A uno le gustaría inaugurar el curso con una columna optimista, vital y desenfadada. Pero el presente no deja demasiado margen para bromas. Habrá quien arguya que el humor nunca está de más, que hoy es más necesario que nunca. Y no le faltará razón. Pero es complicado inspirar sonrisas mientras que el enconamiento, los viejos odios, y los enfrentamientos entre hermanos resucitan con la virulencia y la bilis de tiempos pretéritos. Y discúlpenme si no reconozco nada hiperbólico en mis palabras.
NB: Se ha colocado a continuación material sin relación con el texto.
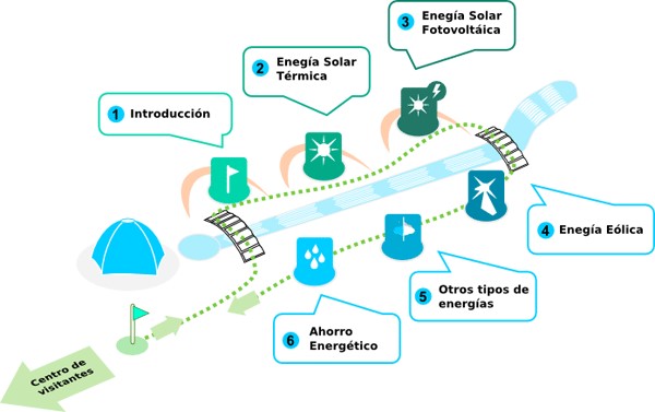 Las distintas características de la ruta de las energías renovables están ordenadas por temas. El motivo de su ordenación es puramente didáctico, comenzando por una introducción general a la situación del abastecimiento energético y una visión de conjunto de las fuentes convencionales y renovables, para seguir con un análisis más detallado de cada una de las renovables y terminar con un espacio dedicado a cómo puede implicarse el público en general para ayudar a resolver el problema del abastecimiento energético.

Pero algunos hechos recientes dejan poco espacio para la exageración.

Las excusas para el conflicto se presentan, una vez más, amasadas por gobernantes, adláteres, y por ciertos medios, informadores y comentaristas que renuncian a las nobles esencias del oficio para ejercer de altavoces acríticos, de meras cajas de resonancia de un mundo cada vez más carente de valores. Así es como los primeros, quienes deberían dirigir el destino de nuestro país, y sus regiones, por la senda de la concordia y la prosperidad, azuzan, irresponsablemente, a las masas, y prenden la mecha de la indignación para despertar llamaradas que, de no ser por ellos, y por sus cómplices necesarios, no habrían vuelto a prender.

Y mientras tanto, la tercera España, la crítica, lúcida, tolerante y plural, esa España de la que nunca se habla, la heredera de quienes padecieron los envites de unos y otros, la que se vio presa del fuego cruzado, la que condena los crímenes que todos cometieron, la que repudia a quienes alzaban la palma de la mano y a quienes levantaban el puño, la que recela de los ‘ismos’ más extremistas, está de nuevo (y cada día más) huérfana.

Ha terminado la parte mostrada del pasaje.